§ **Task objective**
The copy you give must match the lines from the top of the data through the line containing "Šperkovnica SPRINGOS NOLITA" exactly, and it must hold no pictures.

§ **Given data**

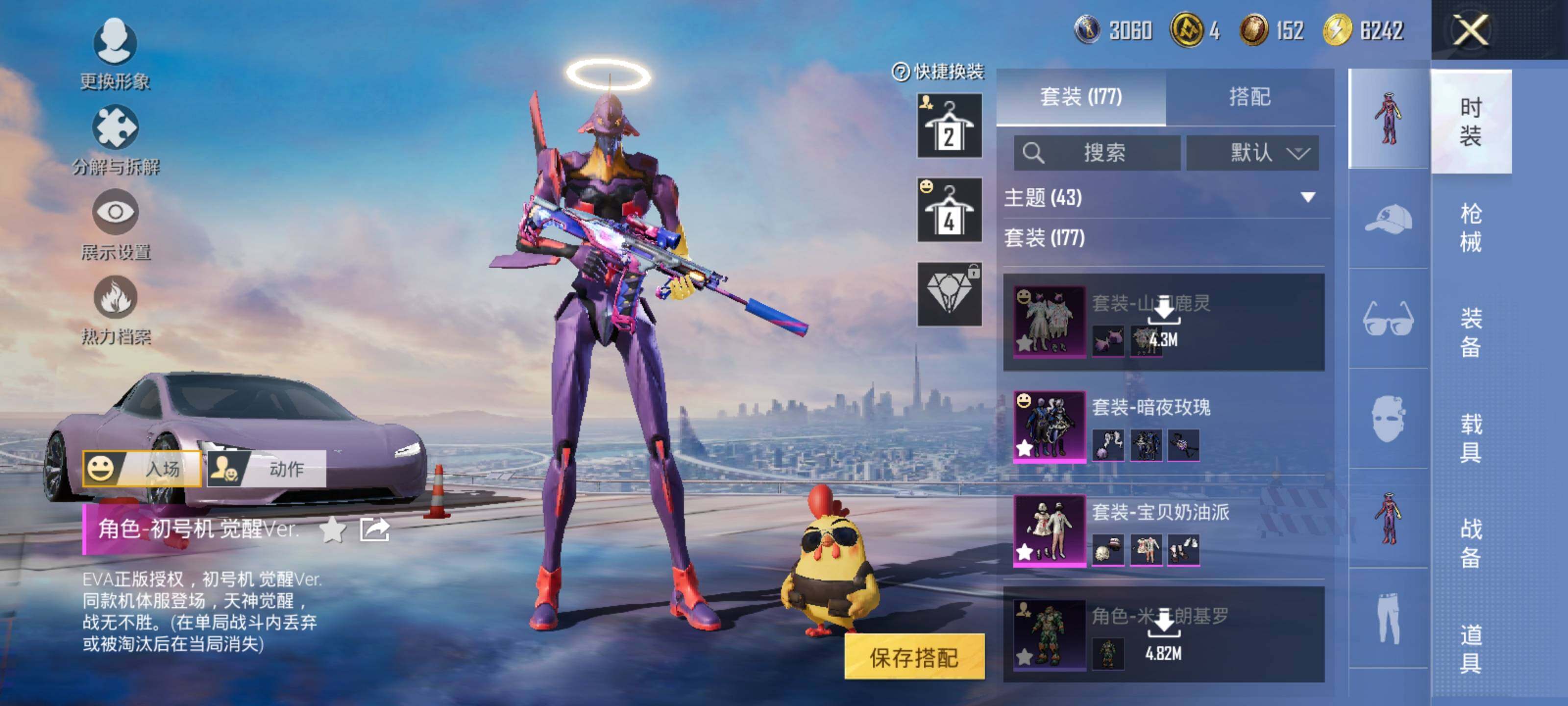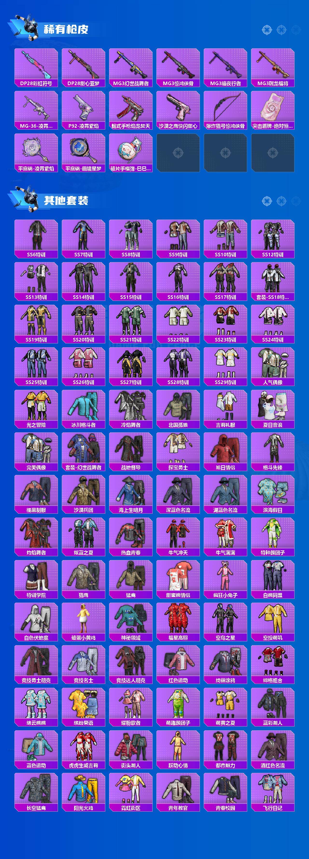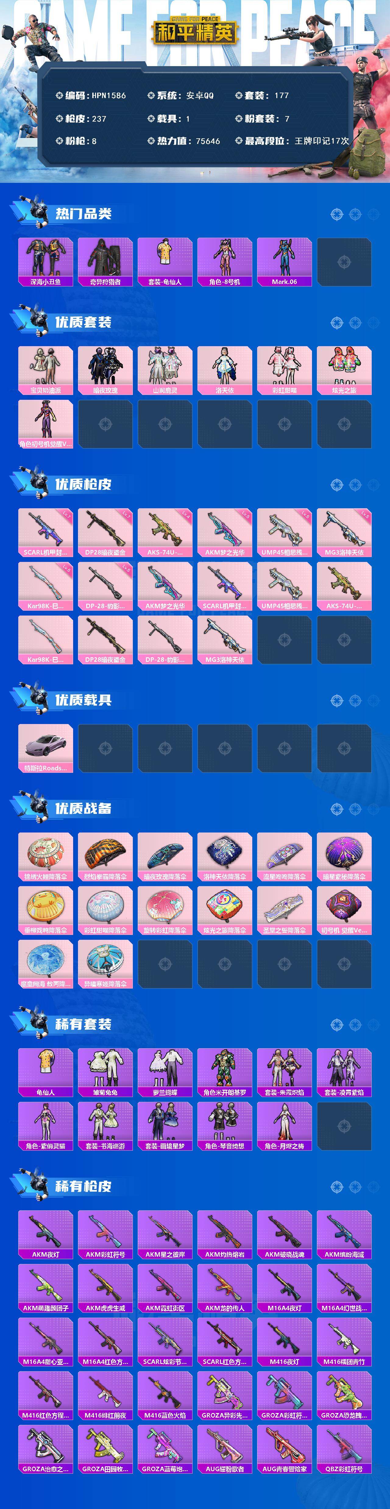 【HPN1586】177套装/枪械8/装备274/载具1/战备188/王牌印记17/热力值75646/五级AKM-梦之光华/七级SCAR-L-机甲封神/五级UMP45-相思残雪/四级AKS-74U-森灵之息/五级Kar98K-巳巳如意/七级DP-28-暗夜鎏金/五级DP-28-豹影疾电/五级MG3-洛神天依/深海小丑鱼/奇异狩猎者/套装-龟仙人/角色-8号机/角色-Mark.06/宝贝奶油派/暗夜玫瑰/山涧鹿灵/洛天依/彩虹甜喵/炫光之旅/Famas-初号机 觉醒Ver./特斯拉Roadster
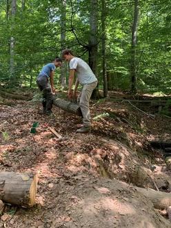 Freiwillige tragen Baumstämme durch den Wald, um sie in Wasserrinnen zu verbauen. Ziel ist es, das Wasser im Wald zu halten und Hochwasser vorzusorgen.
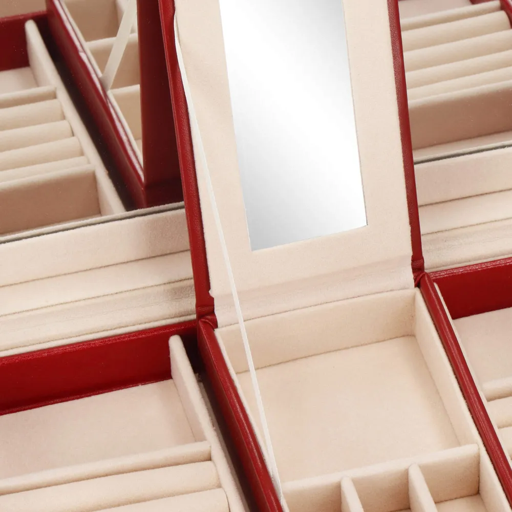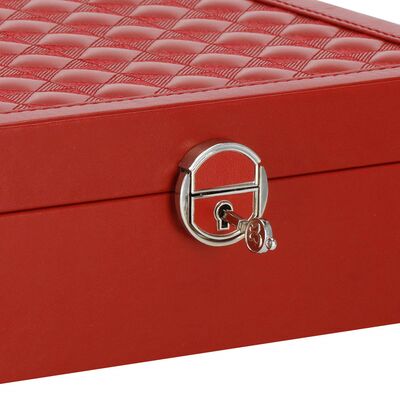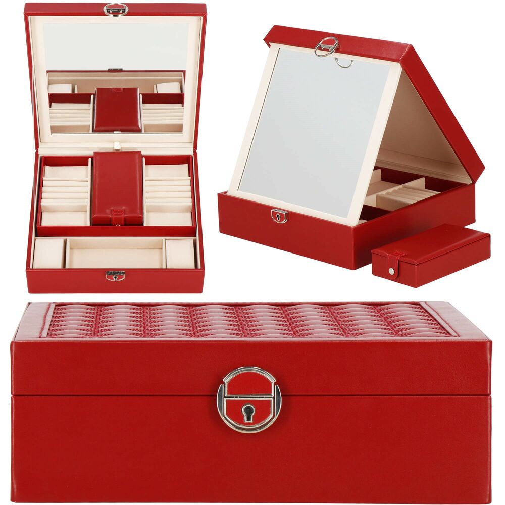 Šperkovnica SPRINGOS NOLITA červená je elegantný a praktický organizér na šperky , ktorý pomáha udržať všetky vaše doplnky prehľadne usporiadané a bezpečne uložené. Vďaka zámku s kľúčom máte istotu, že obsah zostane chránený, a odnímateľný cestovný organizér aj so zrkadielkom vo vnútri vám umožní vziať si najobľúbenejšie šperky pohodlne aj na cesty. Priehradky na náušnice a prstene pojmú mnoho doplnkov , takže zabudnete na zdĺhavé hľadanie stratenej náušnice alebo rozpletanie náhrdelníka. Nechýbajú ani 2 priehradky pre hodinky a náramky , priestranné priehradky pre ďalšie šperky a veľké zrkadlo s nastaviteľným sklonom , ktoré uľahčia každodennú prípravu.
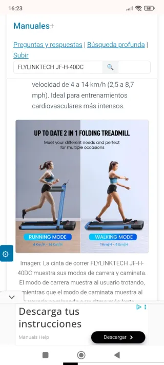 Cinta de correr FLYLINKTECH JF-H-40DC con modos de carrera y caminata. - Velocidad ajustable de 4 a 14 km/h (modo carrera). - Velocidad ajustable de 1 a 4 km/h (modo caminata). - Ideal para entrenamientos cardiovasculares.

§ **Output below**
 【HPN1586】177套装/枪械8/装备274/载具1/战备188/王牌印记17/热力值75646/五级AKM-梦之光华/七级SCAR-L-机甲封神/五级UMP45-相思残雪/四级AKS-74U-森灵之息/五级Kar98K-巳巳如意/七级DP-28-暗夜鎏金/五级DP-28-豹影疾电/五级MG3-洛神天依/深海小丑鱼/奇异狩猎者/套装-龟仙人/角色-8号机/角色-Mark.06/宝贝奶油派/暗夜玫瑰/山涧鹿灵/洛天依/彩虹甜喵/炫光之旅/Famas-初号机 觉醒Ver./特斯拉Roadster
 Freiwillige tragen Baumstämme durch den Wald, um sie in Wasserrinnen zu verbauen. Ziel ist es, das Wasser im Wald zu halten und Hochwasser vorzusorgen.
 Šperkovnica SPRINGOS NOLITA červená je elegantný a praktický organizér na šperky , ktorý pomáha udržať všetky vaše doplnky prehľadne usporiadané a bezpečne uložené. Vďaka zámku s kľúčom máte istotu, že obsah zostane chránený, a odnímateľný cestovný organizér aj so zrkadielkom vo vnútri vám umožní vziať si najobľúbenejšie šperky pohodlne aj na cesty. Priehradky na náušnice a prstene pojmú mnoho doplnkov , takže zabudnete na zdĺhavé hľadanie stratenej náušnice alebo rozpletanie náhrdelníka. Nechýbajú ani 2 priehradky pre hodinky a náramky , priestranné priehradky pre ďalšie šperky a veľké zrkadlo s nastaviteľným sklonom , ktoré uľahčia každodennú prípravu.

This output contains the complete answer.